Consider the power series
$F(z) = \sum\limits_{n=1}^{\infty} a_n z^n$
my question is how should the $a_n$ decay for the radius of convergence of the series to be greater than 1.
Consider the power series
$F(z) = \sum\limits_{n=1}^{\infty} a_n z^n$
my question is how should the $a_n$ decay for the radius of convergence of the series to be greater than 1.
As Theo said it:
The radius of convergence is greater than $1$ if and only if $\limsup\sqrt[n]{|a_n|}<1$.
In turn, this condition is met if and only if there exists a finite $c$ and a real number $r<1$ such that $|a_n|\le cr^n$ for every $n$.
The condition that $|a_n|\le cn^{-p}$ is not sufficient, for any positive $p$, it only ensures that the radius of convergence is at least $1$ but not that it is greater than $1$. Even the condition that $n^p|a_n|\to0$ for every given $p$ is not enough.

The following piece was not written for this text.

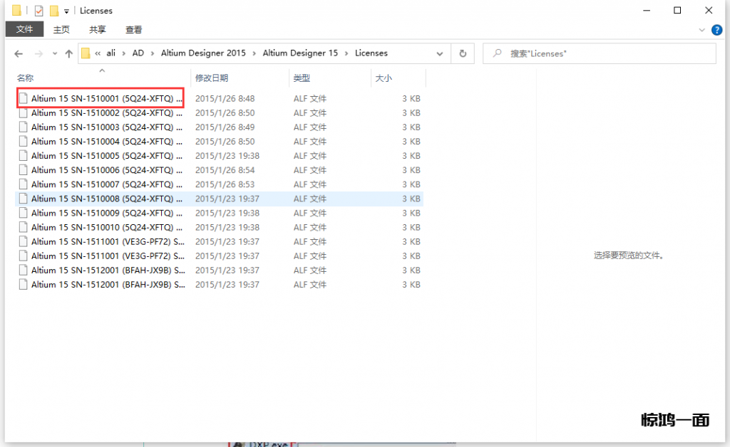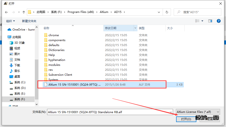 10. 在软件的安装目录下找到刚刚复制过去的文件 Altium 15 SN-1510001 (5Q24-XFTQ) Standalone RB 文件,选中然后点击打开

Consider for example the sequence $a_n=\exp(-(\log n)^2)$, then $\sqrt[n]{|a_n|}\to1$ because $(\log n)^2\ll n$ hence the radius of convergence of the associated series is $1$ although $n^p|a_n|\to0$ for every given $p$ because $p\log n\ll(\log n)^2$.
In fact, powers of $n$ are on a too fine grained scale for radiuses of convergence: to wit, for every sequence $(a_n)$, the series $\displaystyle\sum a_nz^n$ and $\displaystyle\sum a_nn^pz^n$ have the same radius of convergence, for every real number $p$.
Likewise, for every finite positive $R$, the radius of convergence is greater than $R$ if and only if there exists a finite $c$ and a real number $r<1/R$ such that $|a_n|\le cr^n$ for every $n$.
Hint:
What happens if $a_n=\frac{1}{2^n}$? Consider the series $\sum_{n=1}^\infty \frac{z^n}{2^n}.$ Does it converge if $z=1$? What about $z=1.5$? And $z=2$?
Also, here is another series: Let $a_n=\frac{1}{n!}$, so we are looking at $\sum_{n=1}^\infty \frac{z^n}{n!}$. It turns out that this series will converge for every $z\in\mathbb{C}$. Try to use the ratio test to prove why.
Hope that helps,